Share your dilemmas and get honest opinions from other Mumsnetters.

to find this article on motherhood inFURiating?

692 replies

BlooferLady · 26/03/2011 08:37

Guardian writer in 'motherhood is hell' shock

Disclaimer: je suis TTCing. Erm, for a LONG time!

I didn't want children for years. YEARS! Was violently opposed to it And you know why? Because it looked like one long unending saga of drudgery, misery, isolation and loss of identity and self-respect (I have a large family and thus had the opportunity to observe its effects up close every 18 months or so).

We're TTCing now - hormones and a little wisdom took over, and I would very much like to be a mother. And yet here on MN and in the press I find my old terrors reinforced, and this article sums it all up. Everything I feared is true...

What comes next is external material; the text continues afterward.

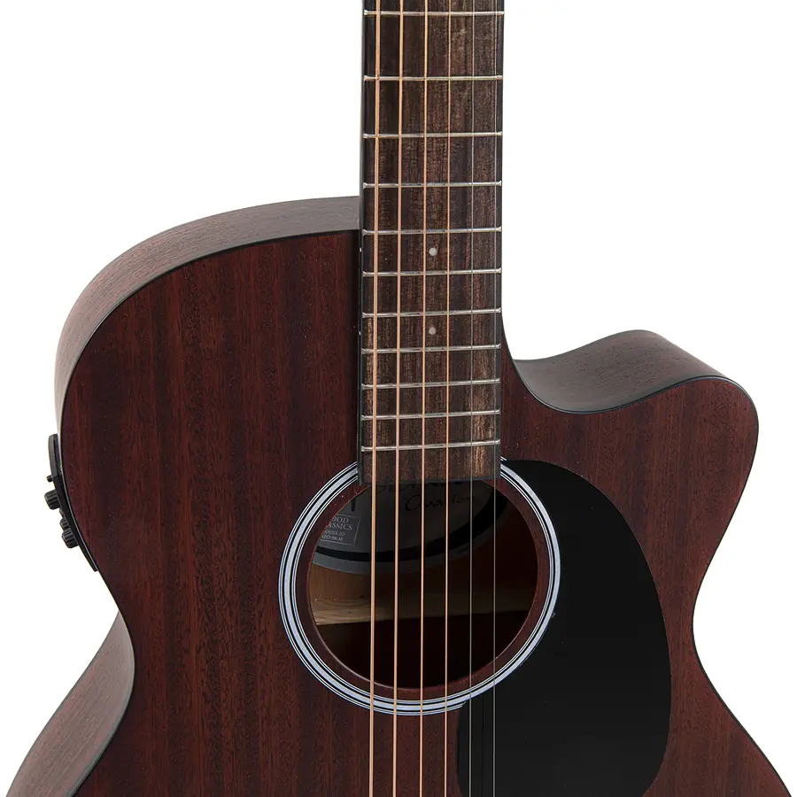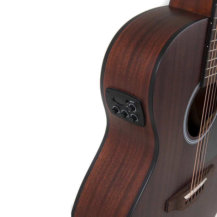 • Esta guitarra está construida completamente con caoba, exceptuando el puente y el diapasón, fabricados de ovangkol.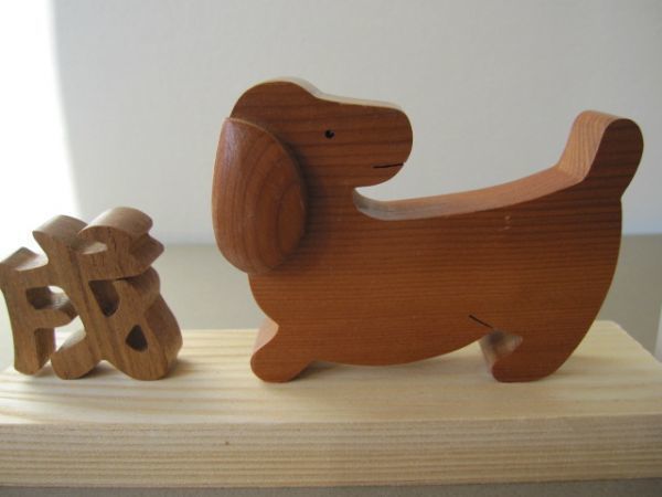 ハンドメイド ワンちゃんと戌文字 置物 (2番)

BUT IS IT? By the end of the article I wanted to slap the woman. She complains of her life dwindling to a miserable compressed world of perma-exhaustion, leaking breasts, nappy changes, never seeing her old friends, losing her sense of a professional life, only ever socialising with mothers and mother and toddler groups, bitterly envying women who still go to work, angry with her partner for not helping out round the house...

Someone PLEASE tell me it doesn't have to be like this. I wanted to yell at her, get out of the damn house and DO stuff you moaning bint! No-one MAKES you go to mother and toddler groups - put the creature in a sling and wander round the V&A! Let your partner do a bottle feed in the evening and go out for a boozy dinner! Do some work from home! MAKE your partner help out!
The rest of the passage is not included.